The church once stood on the Common, and among the many questions the protest has raised is who owns the space now.

VPR’s Susan Keese has more.

(Keese) Brattleboro has seen weekly Saturday demonstrations in support of the Occupy Wall Street movement. People from all walks of life have gathered at a downtown intersection with signs calling for an end to corporate greed and political corruption.

But what’s happening a block north on the Town Common is quieter: a row of small colored tents lined up at the very back edge of the property.

(Gilbert) "I think we’re at six tents now.

Tony Gilbert, the founder of the Occupy Brattleboro encampment, has been here since October 7th. He’s still the only full-time resident.

(Gilbert) "Last night I think it was just four of us. It was myself and one other man and two women staying here… and we’ve been having four or five people a lot of nights."

(Keese) On this frosty morning Gilbert, who is homeless, wears a wool cap pulled over his ears. He says he was hiking the Appalachian Trail, but left to scout out a place to spend the winter.

(Gilbert) "I just happened to be here looking for work when Occupy Wall Street happened and I felt I had to take some action."

(Keese)  Gilbert has a business degree from Michigan. He went to law school but didn’t graduate.

He’d been on the Common for a week before a Brattleboro police officer told him that he had to leave. Instead, Gilbert made an appointment with the Town Manager and Police Chief.

He cited a Supreme Court ruling against vagrancy laws. He raised the issue of free speech.

(Gilbert) "That I was obviously protesting in support of Occupy Wall Street and against the increasing  divide  between rich and poor in America caused by the political and monetary disenfranchisement of the vast majority of Americans"
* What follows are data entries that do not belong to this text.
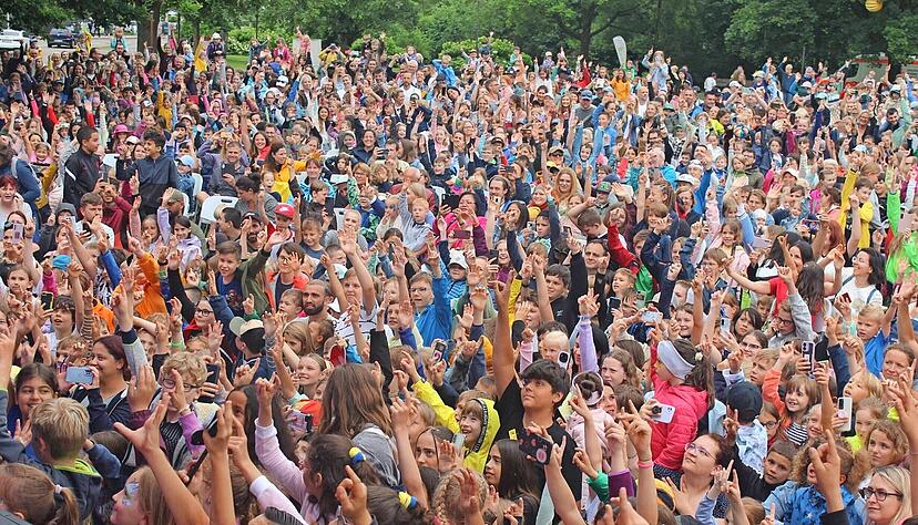 Kinder bejubeln TV-Star Checker Tobi beim Kinderfest in Öhringen
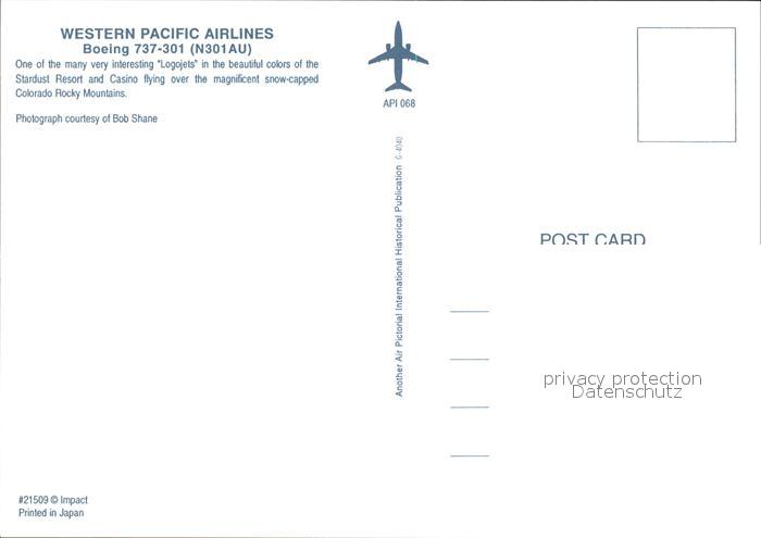 Flugzeuge Zivil Western Pacific Airlines Boeing 737-301 N301AU postalisch nicht gelaufen Erhaltung siehe scans
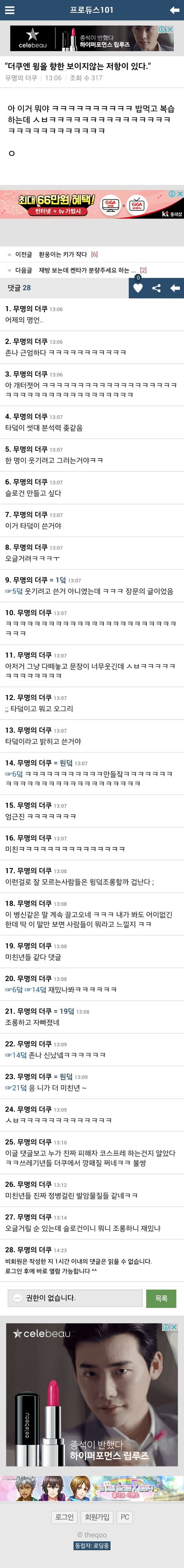 오히려 이 글 프갤에서 개념 올라가니까 더쿠에서 몰려와서 분탕질 치는 걸 내 눈으로 봤다
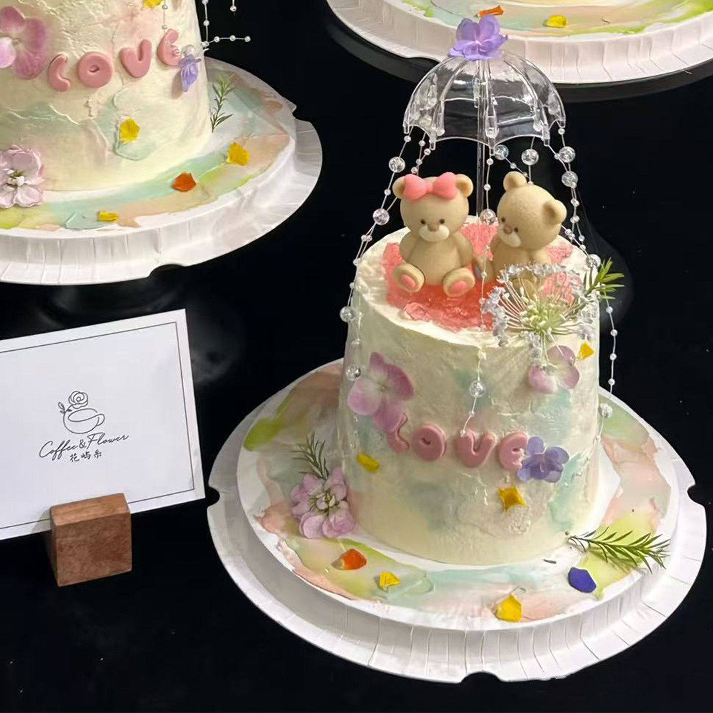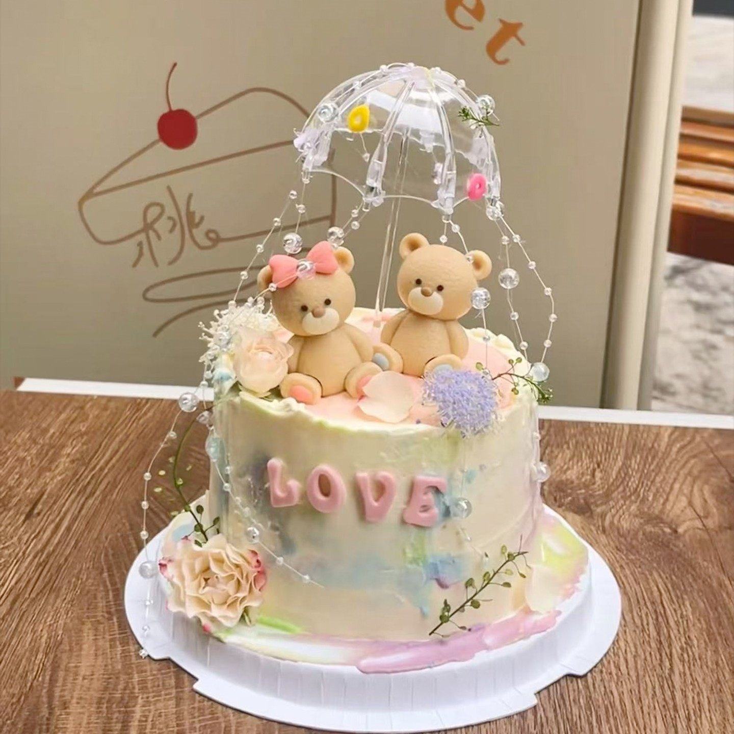 2.14情人节坐姿小熊蛋糕装饰摆件透明小雨伞情侣表白节日烘焙装扮
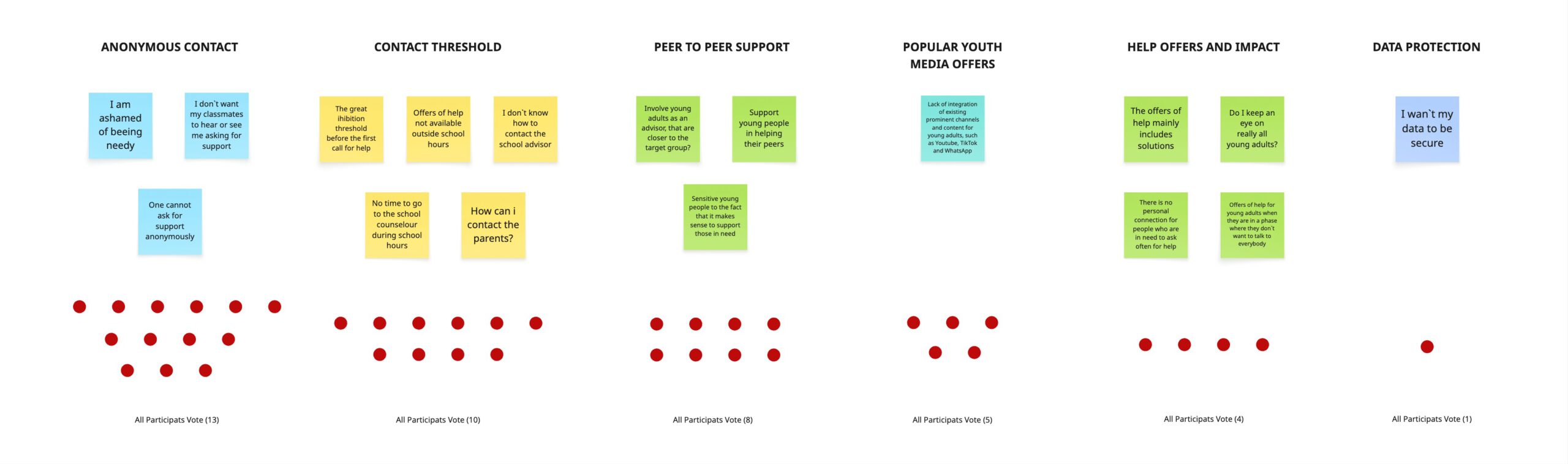 Synthesized insights into a clear design hypothesis. Prioritized problems through democratic voting with participants. Mapped the „hurdles hierarchy“ to identify technical vs. mental barriers in the help-seeking journey.
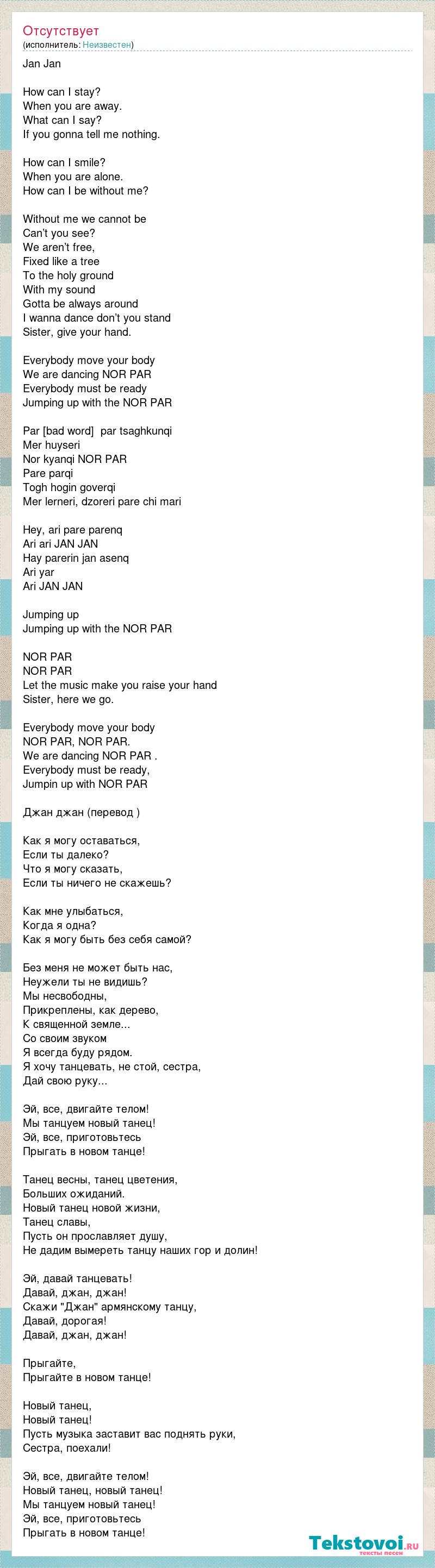 Jan Jan How can I stay? When you are away. What can I say? If you gonna tell me nothing. How can I smile? When you are alone. How can I be without me? Without me we cannot be Can’t you see? We aren’t free, Fixed like a tree To the holy ground With my sound Gotta be always around I wanna dance don’t you stand Sister, give your hand. Everybody move your body We are dancing NOR PAR Everybody must be ready Jumping up with the NOR PAR Par garunqi, par tsaghkunqi Mer huyseri Nor kyanqi NOR PAR Pare parqi Togh hogin goverqi Mer lerneri, dzoreri pare chi mari Hey, ari pare parenq Ari ari JAN JAN Hay parerin jan asenq Ari yar Ari JAN JAN Jumping up Jumping up with the NOR PAR NOR PAR NOR PAR Let the music make you raise your hand Sister, here we go. Everybody move your body NOR PAR, NOR PAR. We are dancing NOR PAR . Everybody must be ready, Jumpin up with NOR PAR Джан джан (перевод ) Как я могу оставаться, Если ты далеко? Что я могу сказать, Если ты ничего не скажешь? Как мне улыбаться, Когда я одна? Как я могу быть без себя самой? Без меня не может быть нас, Неужели ты не видишь? Мы несвободны, Прикреплены, как дерево, К священной земле... Со своим звуком Я всегда буду рядом. Я хочу танцевать, не стой, сестра, Дай свою руку... Эй, все, двигайте телом! Мы танцуем новый танец! Эй, все, приготовьтесь Прыгать в новом танце! Танец весны, танец цветения, Больших ожиданий. Новый танец новой жизни, Танец славы, Пусть он прославляет душу, Не дадим вымереть танцу наших гор и долин! Эй, давай танцевать! Давай, джан, джан! Скажи "Джан" армянскому танцу, Давай, дорогая! Давай, джан, джан! Прыгайте, Прыгайте в новом танце! Новый танец, Новый танец! Пусть музыка заставит вас поднять руки, Сестра, поехали! Эй, все, двигайте телом! Новый танец, новый танец! Мы танцуем новый танец! Эй, все, приготовьтесь Прыгать в новом танце!

(Keese) He also mentioned something he’s been told, about a longstanding debate as to whether the Brattleboro Common had ever been legally transferred from the Center Congregational Church, its original owner.

The allegation has sparked a flurry of research, in the church and town.

It was John Wilmerding, a local man, who told Gilbert about the idea of sanctuary. Wilmerding had watched the sanctuary movement of the 1980s, when U.S. churches offered sanctuary to political refugees from Guatemala.

(Wilmerding) "And I think we have such an emergency now because of the large numbers of jobless and homeless people in this country. And I think that’s a direct result of the corporate and government abuses that the Occupy movement is protesting."

(Keese) Wilmerding brought Gilbert to a meeting at the church, and suggested that the Church might offer sanctuary to Gilbert and his fellow protestors.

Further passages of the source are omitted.